The Psalmist reflects on the textures of creation as the realm in which praise might be present. The subtle to the not so subtle can embrace praise and give rise to praise. Any thing can be the locus for praise: a drop of wasp venom, a grain of sand, a whirling electron, a quite moment, a rivulet of water coursing down a 100 year old window pane that is thicker at the bottom than at the top due to the steady pull of gravity, a human hand holding 10,000 grains of sand, a child’s laughter, or an old person’s resolve. The things and the movement of things can be sites of praise for God has made all that moves, all that doesn’t move, all that breathes, all that whirls in solar systems, galaxies, and atoms across spans wider and smaller than the human eye, computer, or imagination can go. There is something greater in the psalmist’s words that cannot be easily touched. It can be spoken about. It can be written about. New songs of praise may be created in response to it. Yet, all are derivative. All are echoes or reverberations with a ubiquitous praise that already resounds in gravitational waves and permeates dark matter. It bounds over soaring peaks and falls with winter snow.

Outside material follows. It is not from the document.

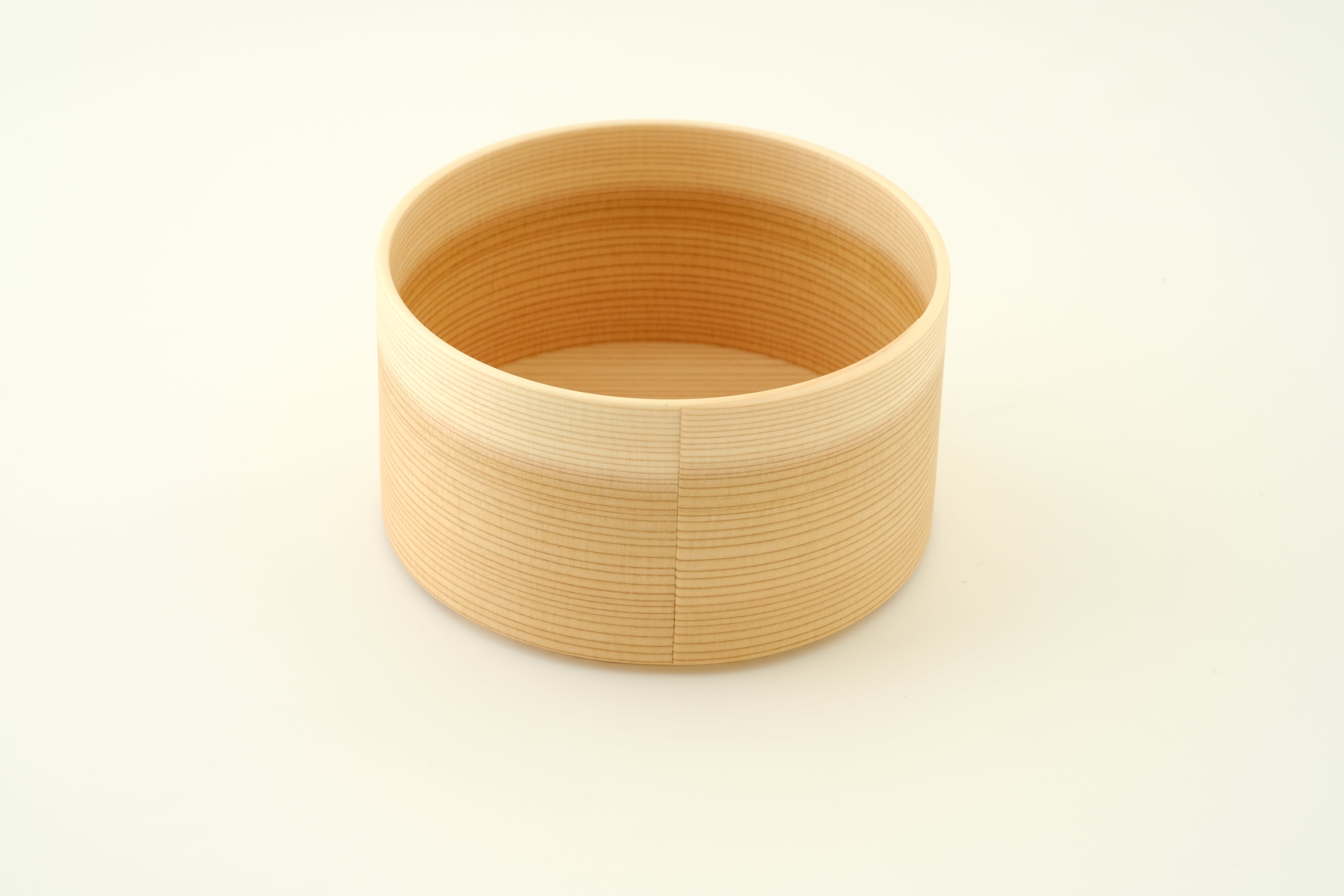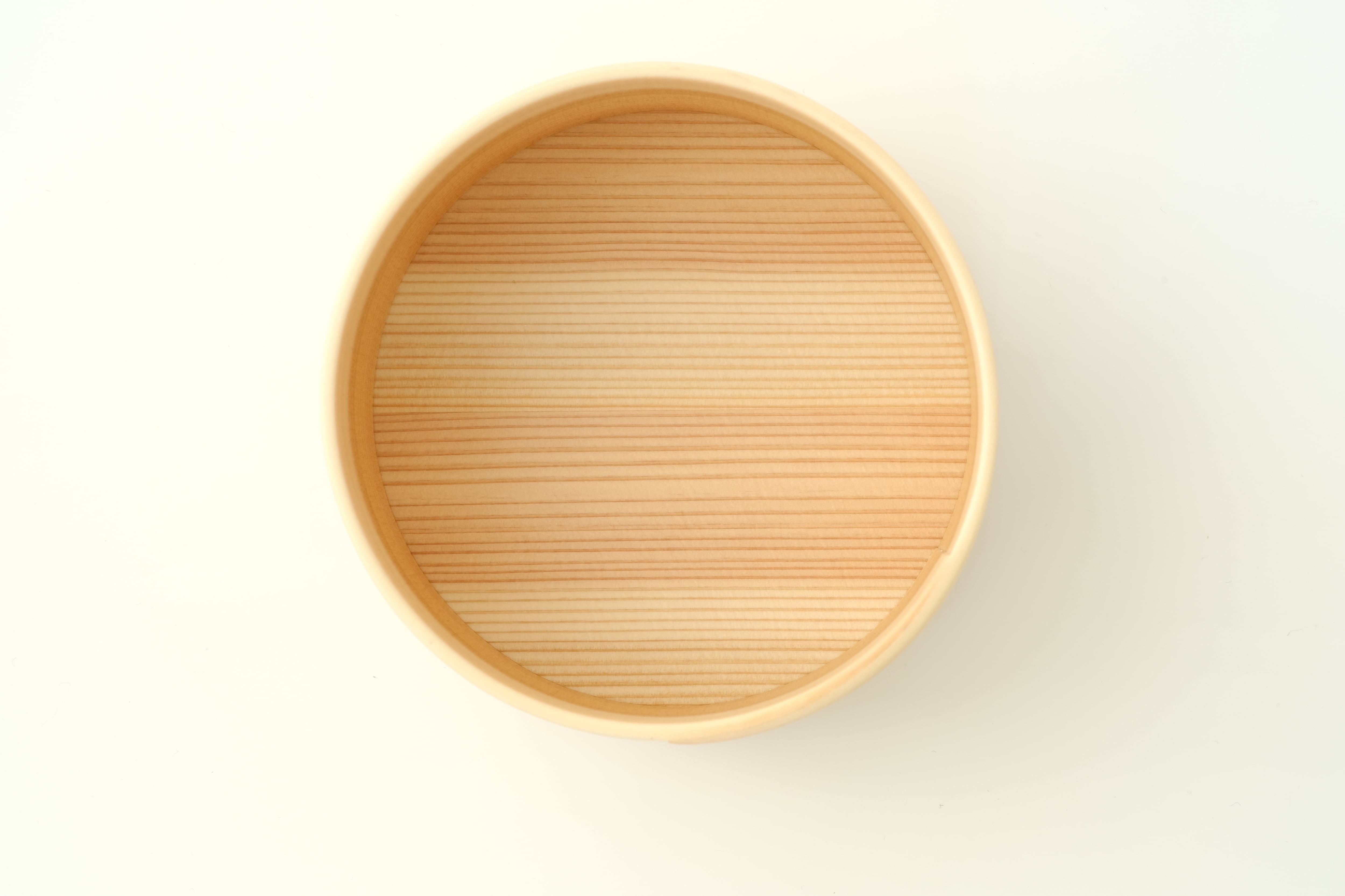 Sサイズは、スープボウルや鍋物の取り分け皿としてはもちろん、おつまみや副菜を盛り付ける器としてお使いいただくのにもちょうど良いサイズ感です。「曲げわっぱ」は、その円が小さいほど曲げるのが難しく、良質な材と高い技術が必要とされます。
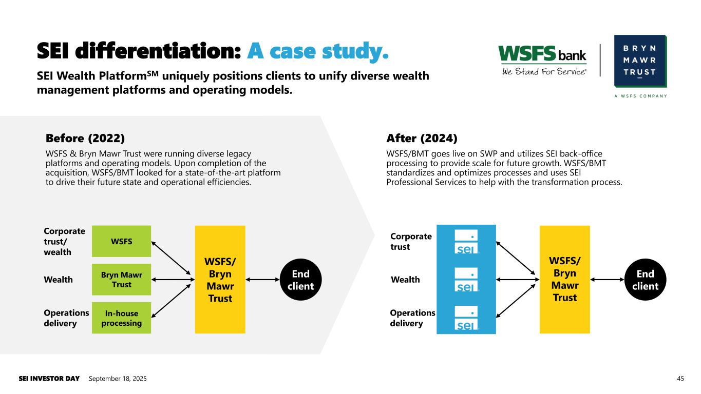 Before (2022) WSFS & Bryn Mawr Trust were running diverse legacy platforms and operating models. Upon completion of the acquisition, WSFS/BMT looked for a state-of-the-art platform to drive their future state and operational efficiencies. SEI differentiation: A case study. September 18, 2025SEI INVESTOR DAY 45 SEI Wealth PlatformSM uniquely positions clients to unify diverse wealth management platforms and operating models. After (2024) WSFS/BMT goes live on SWP and utilizes SEI back-office processing to provide scale for future growth. WSFS/BMT standardizes and optimizes processes and uses SEI Professional Services to help with the transformation process. WSFS/ Bryn Mawr Trust End client WSFS Corporate trust/ wealth Wealth Operations delivery Bryn Mawr Trust In-house processing WSFS/ Bryn Mawr Trust End client Corporate trust Wealth Operations delivery

Perhaps what the Psalmist is after here is a wake up call to human perception. That which can be perceived by human senses is only a fraction of what is presently occurring at any given moment. The sound of radio waves and microwaves coursing through the air and through our bodies cannot be easily discerned yet it is there. The sound a dog can hear exceeds human hearing. The sight of an eagle which can spot minute details over a mile away is evident, but not perceived because the human eye cannot see the same sights. Human senses are themselves sites for praise. Not just praise for their existence, but to the worlds of existence they can open to human minds. Even more the axon-dendrite trails of thought that fire in different regions of the brain can be loci for praise. As you read these words the trails of electrical impulses course though your brain like an electrical storm on a hot summer night.

As verses 5-6 can serve as a boulder in a flood of praise, verses 13-14 can serve as focus for all praise. The God who was, is, and will always be is a creating God whose very being or splendor is beyond human capacities to understand and yet can be recognized in part because people have been created by this very same God. This psalm places the faithful ones close to the heart of God. Perhaps this is a reminder to the people of Israel to not loose sight of their special place in the order of the universes that God has and is continuing to create. Humility can rest at the place where pride may want to reside when one sees their place in the bigger scheme of God’s creation and the rivers of praise that rumble and turn, slide and bubble, and seep deep into human consciousness.